ES2202009T3 - SURFACE PREPARATION PROCEDURE AND POLYANILINE DEPOSIT TO ABSORBER LIGHT. - Google Patents

Abstract

Method of depositing a layer of polyaniline on a titanium substrate or a titanium alloy, characterized in that the operating range of the tank successively comprises: - a fluoronitic etching; - a chemical conversion treatment; - a hydrolysis; and - a polyaniline deposit by electropolymerization.

Description

Surface preparation procedure and polyaniline reservoir to absorb light.

Field of the Invention

The invention is in the field of devices comprising an absorbent coating of the radiation, in particular a polyaniline coating that absorbs radiation in a band that goes from ultraviolet to infrared. It also refers to a preparation procedure of surfaces that receive the deposit.

Prior art

A great diversity of treatments of surfaces or surface coatings that only have one low specular reflection and they only have a low reflection diffuse These treatments or coatings are sought in Particular for optical or infrared applications. Contribute to mechanical elements such as optical input brackets of optical devices reflect little or no light and not increase the signal to noise ratio of the optical signal or infrared captured by the detectors of these devices.

With the known issues regarding these coatings and always intended to be resolved through improvements of surface treatment procedures and / or Deposit coatings are indicated, for example, in the patent column 1 US-A-4,589,972 of May 20, 1986 awarded to Martin Marietta. The problems indicated in this patent and that it is also sought to solve according to the present invention quote later.

As far as black paints are concerned, it is known that have a tendency to crack or detach from substrate, in particular metallic, due to induced voltages by thermal cycles, in particular for infrared systems that  they often work with detectors cooled to the temperature of the helium or liquid nitrogen.

These phenomena are aggravated by the thickness of the coat of paint, so that in general this thickness grows with the wavelength of the radiation to be absorbed.

Another problem encountered is due to the degassing of the coating, in particular when the Coated material operates at high altitude or in space. The Degassing products may react chemically and deteriorate the microelectronic components or even condense on the cooled optical surfaces and obscure them.

This patent (4,589,972) by Martin Marietta proposes, as a patent from Martin Marietta nº
4,111,762, referred to in patent 4,589,972, improve the solution to these problems in two ways. These two improvements are applicable to anodizable metals, previously anodized, in particular aluminum and beryllium.

The procedure provides for a treatment of surface by a stream of aluminum oxide with a 100 to 200 mesh granulometry. This initial treatment is intended to create a surface roughness before the anodization

It is indicated at the top of the column 7 of this patent, that the increased surface roughness treated has a significant effect on absorption and surface reflectivity. The specular reflection is reduced and the dispersion of the incident radiation thanks to the relief created, multiply the chances of absorption.

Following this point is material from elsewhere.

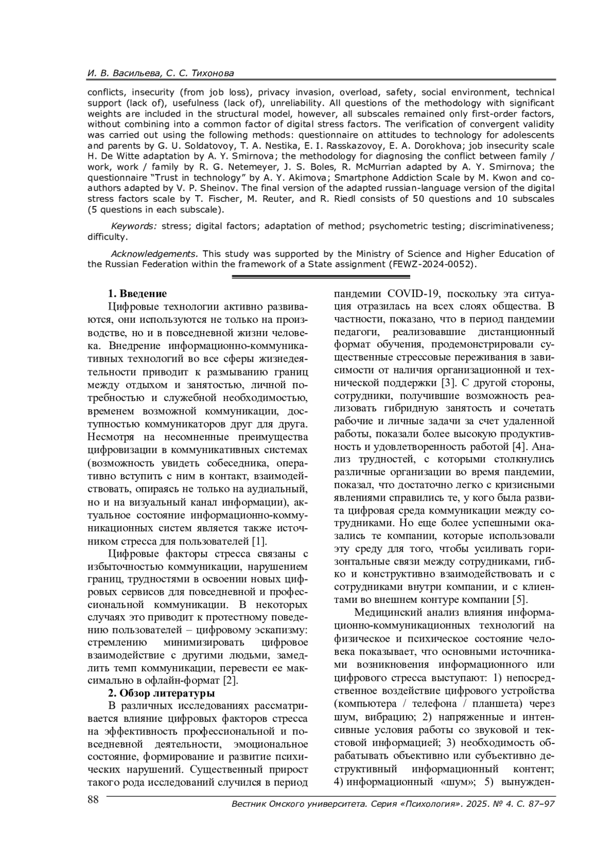 10. Fischer T., Reuter M., Riedl R. The Digital Stressors Scale: Development and Validation of a New Survey Instrument to Measure Digital Stress Perceptions in the Workplace Context // Front. Psychol. - 2021. - № 12. - P. 607598. -. DOI: 10.3389/fpsyg.2021.607598 EDN: SFVXBD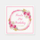 Belle serviette de fête d'anniversaire avec un cadre de parties scintillant rose et or chaud avec des arrangements floraux. Les mots peuvent être changés en fonction de vos propres détails ou exigences

The importance of the state of the roughness of the surface has been recognized by most of the professionals. The complementary examples will be cited as Johnson patents US-A-4,233,107 and US-A-4,361,630 which is a continuation of the first. In the procedure described in this patent, a substrate is treated first by means of a plate made of a phosphorous nickel alloy. The surface like this Coated is made rough by a bath in a solution aqueous nitric acid that performs an acid attack of the plate deposited A very good absorption in the interval is thus obtained from 320 to 2140 nanometers.

It is observed so it is generally known in the technique that a surface roughness treatment that goes to be treated before (in the case of Marietta's patent) or then (in the case of the Johnson patent) of the coating or another surface treatment is likely to improve the qualities of absorption. However, for each interval of the wavelength to be absorbed and for each treatment, and also depending on the substrate, the application treatment of the roughness should be adapted.

The present invention is directed in a first aspect to this roughness application treatment.

In a second aspect, it addresses a deposition process of a polyaniline absorbent layer, this deposit being made preferably after the surface has been made rough, prior to the operations of deposit of the polyaniline layer.

The use of polyaniline as an absorbent Electromagnetic radiation is known in itself. They will be cited to In this regard, patents of EPSTEIN and others. nº US-A-5,079,334 and some of its continuations, particularly No. 5,147,968, 5,294,694 and 5,563,182. These different EPSTEIN patents explain the reasons for the absorbent qualities of polyaniline and the possible applications. Patent 5,294,694 claims a method of absorption of electromagnetic waves by means of a polyaniline composition. This patent explicitly provides for Particularly the field of ultraviolet to infrared.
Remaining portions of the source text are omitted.